Re: Control Sqoop job from Spark job

2019-09-03 Thread Shyam P
Hi Mich,
   Lot of people say that Spark does not have proven record in migrating
data from oracle as sqoop has.
At list in production.

Please correct me if I am wrong and suggest how to deal with shuffling when
dealing with groupBy ?

Thanks,
Shyam

On Sat, Aug 31, 2019 at 12:17 PM Mich Talebzadeh 
wrote:

> Spark is an excellent ETL tool to lift data from source and put it in
> target. Spark uses JDBC connection similar to Sqoop. I don't see the need
> for Sqoop with Spark here.
>
> Where is the source (Oracle MSSQL, etc) and target (Hive?) here
>
> HTH
>
> Dr Mich Talebzadeh
>
>
>
> LinkedIn * 
> https://www.linkedin.com/profile/view?id=AAEWh2gBxianrbJd6zP6AcPCCdOABUrV8Pw
> *
>
>
>
> http://talebzadehmich.wordpress.com
>
>
> *Disclaimer:* Use it at your own risk. Any and all responsibility for any
> loss, damage or destruction of data or any other property which may arise
> from relying on this email's technical content is explicitly disclaimed.
> The author will in no case be liable for any monetary damages arising from
> such loss, damage or destruction.
>
>
>
>
> On Thu, 29 Aug 2019 at 21:01, Chetan Khatri 
> wrote:
>
>> Hi Users,
>> I am launching a Sqoop job from Spark job and would like to FAIL Spark
>> job if Sqoop job fails.
>>
>> def executeSqoopOriginal(serverName: String, schemaName: String, username: 
>> String, password: String,
>>  query: String, splitBy: String, fetchSize: Int, numMappers: 
>> Int, targetDir: String, jobName: String, dateColumns: String) = {
>>
>>   val connectionString = "jdbc:sqlserver://" + serverName + ";" + 
>> "databaseName=" + schemaName
>>   var parameters = Array("import")
>>   parameters = parameters :+ "-Dmapreduce.job.user.classpath.first=true"
>>   parameters = parameters :+ "--connect"
>>   parameters = parameters :+ connectionString
>>   parameters = parameters :+ "--mapreduce-job-name"
>>   parameters = parameters :+ jobName
>>   parameters = parameters :+ "--username"
>>   parameters = parameters :+ username
>>   parameters = parameters :+ "--password"
>>   parameters = parameters :+ password
>>   parameters = parameters :+ "--hadoop-mapred-home"
>>   parameters = parameters :+ "/usr/hdp/2.6.5.0-292/hadoop-mapreduce/"
>>   parameters = parameters :+ "--hadoop-home"
>>   parameters = parameters :+ "/usr/hdp/2.6.5.0-292/hadoop/"
>>   parameters = parameters :+ "--query"
>>   parameters = parameters :+ query
>>   parameters = parameters :+ "--split-by"
>>   parameters = parameters :+ splitBy
>>   parameters = parameters :+ "--fetch-size"
>>   parameters = parameters :+ fetchSize.toString
>>   parameters = parameters :+ "--num-mappers"
>>   parameters = parameters :+ numMappers.toString
>>   if (dateColumns.length() > 0) {
>> parameters = parameters :+ "--map-column-java"
>> parameters = parameters :+ dateColumns
>>   }
>>   parameters = parameters :+ "--target-dir"
>>   parameters = parameters :+ targetDir
>>   parameters = parameters :+ "--delete-target-dir"
>>   parameters = parameters :+ "--as-avrodatafile"
>>
>> }
>>
>>


Re: Control Sqoop job from Spark job

2019-09-02 Thread Chris Teoh
Hey Chetan,

How many database connections are you anticipating in this job?

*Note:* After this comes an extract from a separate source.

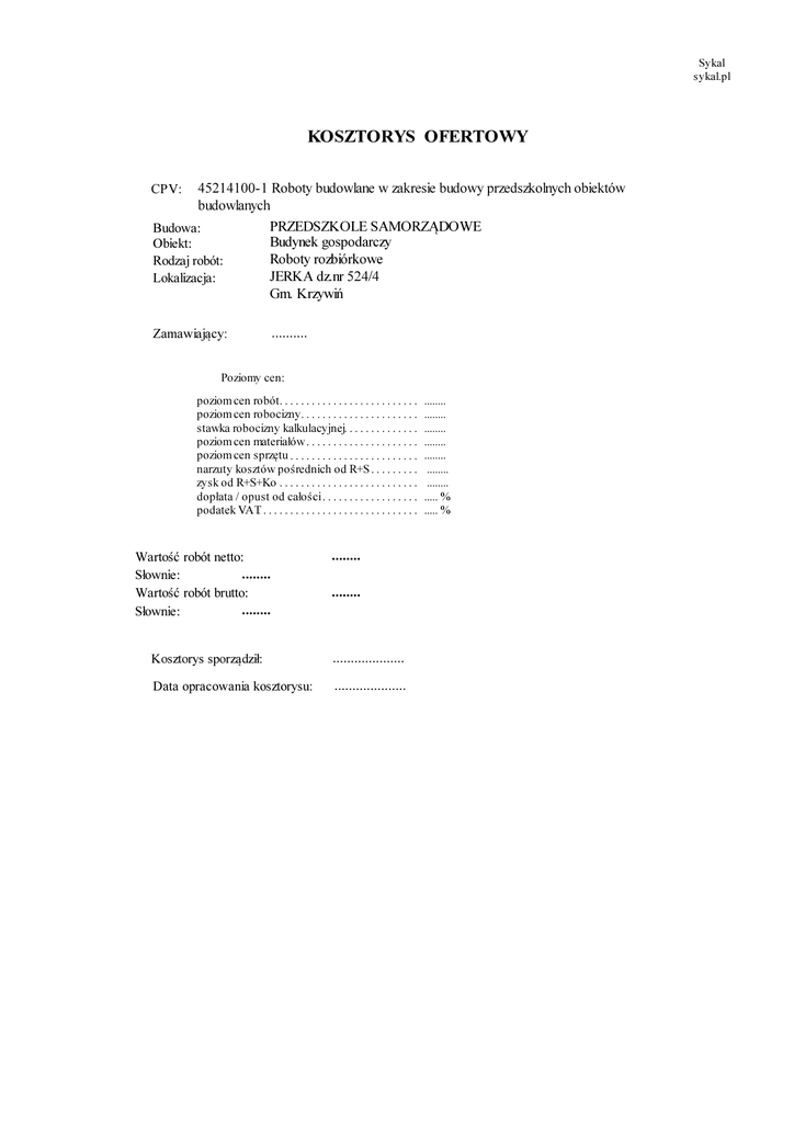 Sykal sykal.pl KOSZTORYS OFERTOWY 45214100-1 Roboty budowlane w zakresie budowy przedszkolnych obiektów budowlanych PRZEDSZKOLE SAMORZĄDOWE Budowa: Budynek gospodarczy Obiekt: Roboty rozbiórkowe Rodzaj robót: JERKA dz.nr 524/4 Lokalizacja: Gm. Krzywiń CPV: Zamawiający: .......... Poziomy cen: poziom . . . . . .cen . . . .robót .............................. poziom . . . . . .cen . . . .robocizny .............................. stawka . . . . . .robocizny . . . . . . . . . kalkulacyjnej ......................... poziom . . . . . .cen . . . .materiałów .............................. poziom . . . . . .cen . . . .sprzętu .............................. narzuty . . . . . . kosztów . . . . . . . . pośrednich . . . . . . . . . . .od . . R+S ............. zysk . . . .od . . .R+S+Ko ................................. dopłata . . . . . . /. .opust . . . . . od . . .całości ........................ podatek . . . . . . .VAT ................................. Wartość robót netto: ........ Słownie: Wartość robót brutto: ........ Słownie: ........ ........ Kosztorys sporządził: .................... Data opracowania kosztorysu: .................... ........ ........ ........ ........ ........ ........ ........ ..... % ..... % Sykal sykal.pl TABELA ELEMENTÓW SCALONYCH 45214100-1 Roboty budowlane w zakresie budowy przedszkolnych obiektów budowlanych PRZEDSZKOLE SAMORZĄDOWE Budowa: Budynek gospodarczy Obiekt: Roboty rozbiórkowe Rodzaj robót: JERKA dz.nr 524/4 Lokalizacja: Gm. Krzywiń CPV: Zamawiający: .......... poziom . . . . . .cen . . . .robót .............................. poziom . . . . . .cen . . . .robocizny .............................. stawka . . . . . .robocizny . . . . . . . . . kalkulacyjnej ......................... poziom . . . . . .cen . . . .materiałów .............................. poziom . . . . . .cen . . . .sprzętu .............................. narzuty . . . . . . kosztów . . . . . . . . pośrednich . . . . . . . . . . .od . . R+S ............. zysk . . . .od . . .R+S+Ko ................................. dopłata . . . . . . /. .opust . . . . . od . . .całości ........................ podatek . . . . . . .VAT ................................. KOSZTORYS ........ ........ ........ ........ ........ ........ ........ ..... % ..... % Strona 1 19-04-2016 SYKAL-002602 DZIAŁ 1 NAZWA DZIAŁU ROBOC MATERIAŁ SPRZĘT K.OGÓLNE ZYSK OGÓŁEM Roboty rozbiórkowe ........ ........ ........ ........ ........ ........ O GÓ ŁEM ........ ........ ........ ........ ........ ........ O GÓ ŁEM NETTO Podatek VAT O G Ó Ł E M Z P O D A T K I E M V A T ........ ........ ........ ........ Sykal sykal.pl PRZEDMIAR ROBÓT 45214100-1 Roboty budowlane w zakresie budowy przedszkolnych obiektów budowlanych PRZEDSZKOLE SAMORZĄDOWE Budowa: Budynek gospodarczy Obiekt: Roboty rozbiórkowe Rodzaj robót: JERKA dz.nr 524/4 Lokalizacja: Gm. Krzywiń CPV: Zamawiający: .......... Strona 1 PRZEDMIAR 19-04-2016 SYKAL-002602 DZ SYMBOL POZYCJ I POZ 1 Roboty rozbiórkowe 1 10 KNR Lp 1 1 20 KNR Lp 1 1 30 KNR 1 40 KNR Lp 1 1 50 KNR Lp 1 1 60 KNR Lp 1 1 70 KNR Lp 1 1 1 1 1 1 1 3,75*12,76+2,90*3,23+1,96*1,48+1,99*1,46 szt Obliczenie ilości 3 3,000 3,000 m³ 9,453 m³ 33,053 Obliczenie ilości 63,023*0,15 404-01-02-02-00 Rozebranie murów w budynkach z cegły na zaprawie cementowo-wapiennej Nazwa Obliczenie ilości (3,19*3+15,99*2+2,31+1,48+1,68+1,46+1,71)*0,6*0,8 Nazwa m³ 9,453+33,053+24,091+7,491 m³ 74,088 74,088 m³ 74,088 63,023 74,088 74,088 74,088 Obliczenie ilości Obliczenie ilości 74,088 74,088 m³ Obliczenie ilości 000-00-00-03-00+ Utylizacja papy 7,491 74,088 Obliczenie ilości 000-00-00-01-00+ Opłata za wysypisko - utylizacja 24,091 7,491 Obliczenie ilości 404-11-03-05-00 Dodatek za dalsze 10 km wywozu gruzu samochodem wywrotką Lp m³ (3,19*12,20+2,95*2,37+1,20*1,68+1,18*1,71)*0,15 404-11-03-04-00 Transport gruzu samochodem wywrotką na odległość do 1 km Nazwa 33,053 24,091 Obliczenie ilości 404-11-03-01-00 Załadunek gruzu koparko-ładowarką przy 3 samochodach wywrotkach na zmianę roboczą Nazwa m³ Obliczenie ilości 404-03-01-03-00 Rozebranie podłoża i posadzki z betonu żwirowego grub do 15 cm Nazwa 9,453 (3,19*3+15,99*2+2,31+1,48+1,68+1,46+1,71)*2,5*0,28-1,40*0,81*2*0,28-0,95 *2,10*2*0,28-0,83*1,41*0,28 404-03-02-01-00 Rozebranie betonowych ław fudamentów Nazwa Nazwa 1 63,023 404-03-05-02-00 Rozebranie stropów żelbetowych Nazwa Lp 120 63,023 2,000 Nazwa 1 m² szt Lp 110 ILOŚĆ 401-03-54-07-00 Wykucie z muru ościeżnic okiennych o powierzchni do 2 m² 100 KNR 1 JEDN MIARY Obliczenie ilości 401-03-54-04-00 Wykucie z muru ościeżnic drzwiowych o powierzchni do 2 m² Nazwa 90 KNR Lp 1 404-05-09-03-00 Rozebranie pokrycia dachowego z papy na betonie na zakład Nazwa 80 KNR Lp NAZWA POZYCJ I PRZE DMIAROWEJ 74,088 74,088 m² 63,023 63,023 Sykal sykal.pl KOSZTORYS OFERTOWY 45214100-1 Roboty budowlane w zakresie budowy przedszkolnych obiektów budowlanych PRZEDSZKOLE SAMORZĄDOWE Budowa: Budynek gospodarczy Obiekt: Roboty rozbiórkowe Rodzaj robót: JERKA dz.nr 524/4 Lokalizacja: Gm. Krzywiń CPV: Zamawiający: .......... KOSZTORYS Strona 1 19-04-2016 SYKAL-002602 SYMBOL I NAZWA POZYCJ I KOS ZTORYSOWE J DZ POZ 1 1 JEDN MIARY ILOŚĆ CENA WARTOŚĆ Roboty rozbiórkowe 10 KNR 404-05-09-03-00 Rozebranie pokrycia dachowego z papy na betonie na zakład m² 63,023 .............. .............. 20 KNR 401-03-54-04-00 Wykucie z muru ościeżnic drzwiowych o powierzchni do 2 m² szt 3,000 .............. .............. 30 KNR 401-03-54-07-00 Wykucie z muru ościeżnic okiennych o powierzchni do 2 m² szt 2,000 .............. .............. 40 KNR 404-03-05-02-00 Rozebranie stropów żelbetowych m³ 9,453 .............. .............. 50 KNR 404-01-02-02-00 Rozebranie murów w budynkach z cegły na zaprawie cementowo-wapiennej m³ 33,053 .............. .............. 60 KNR 404-03-02-01-00 Rozebranie betonowych ław fudamentów m³ 24,091 .............. .............. 1

Is this for
every row in the dataframe?

Kind regards
Chris


On Mon., 2 Sep. 2019, 9:11 pm Chetan Khatri, 
wrote:

> Hi Chris, Thanks for the email. You're right. but it's like Sqoop job gets
> launched based on dataframe values in spark job. Certainly it can be
> isolated and broken.
>
> On Sat, Aug 31, 2019 at 8:07 AM Chris Teoh  wrote:
>
>> I'd say this is an uncommon approach, could you use a workflow/scheduling
>> system to call Sqoop outside of Spark? Spark is usually multiprocess
>> distributed so putting in this Sqoop job in the Spark code seems to imply
>> you want to run Sqoop first, then Spark. If you're really insistent on
>> this, call it from the driver using Sqoop Java APIs.
>>
>> On Fri, 30 Aug 2019 at 06:02, Chetan Khatri 
>> wrote:
>>
>>> Sorry,
>>> I call sqoop job from above function. Can you help me to resolve this.
>>>
>>> Thanks
>>>
>>> On Fri, Aug 30, 2019 at 1:31 AM Chetan Khatri <
>>> chetan.opensou...@gmail.com> wrote:
>>>
 Hi Users,
 I am launching a Sqoop job from Spark job and would like to FAIL Spark
 job if Sqoop job fails.

 def executeSqoopOriginal(serverName: String, schemaName: String, username: 
 String, password: String,
  query: String, splitBy: String, fetchSize: Int, 
 numMappers: Int, targetDir: String, jobName: String, dateColumns: String) 
 = {

   val connectionString = "jdbc:sqlserver://" + serverName + ";" + 
 "databaseName=" + schemaName
   var parameters = Array("import")
   parameters = parameters :+ "-Dmapreduce.job.user.classpath.first=true"
   parameters = parameters :+ "--connect"
   parameters = parameters :+ connectionString
   parameters = parameters :+ "--mapreduce-job-name"
   parameters = parameters :+ jobName
   parameters = parameters :+ "--username"
   parameters = parameters :+ username
   parameters = parameters :+ "--password"
   parameters = parameters :+ password
   parameters = parameters :+ "--hadoop-mapred-home"
   parameters = parameters :+ "/usr/hdp/2.6.5.0-292/hadoop-mapreduce/"
   parameters = parameters :+ "--hadoop-home"
   parameters = parameters :+ "/usr/hdp/2.6.5.0-292/hadoop/"
   parameters = parameters :+ "--query"
   parameters = parameters :+ query
   parameters = parameters :+ "--split-by"
   parameters = parameters :+ splitBy
   parameters = parameters :+ "--fetch-size"
   parameters = parameters :+ fetchSize.toString
   parameters = parameters :+ "--num-mappers"
   parameters = parameters :+ numMappers.toString
   if (dateColumns.length() > 0) {
 parameters = parameters :+ "--map-column-java"
 parameters = parameters :+ dateColumns
   }
   parameters = parameters :+ "--target-dir"
   parameters = parameters :+ targetDir
   parameters = parameters :+ "--delete-target-dir"
   parameters = parameters :+ "--as-avrodatafile"

 }


>>
>> --
>> Chris
>>
>


Re: Control Sqoop job from Spark job

2019-09-02 Thread Mich Talebzadeh
Hi,

Just to clarify, JDBC connection to RDBMS from Spark is slow?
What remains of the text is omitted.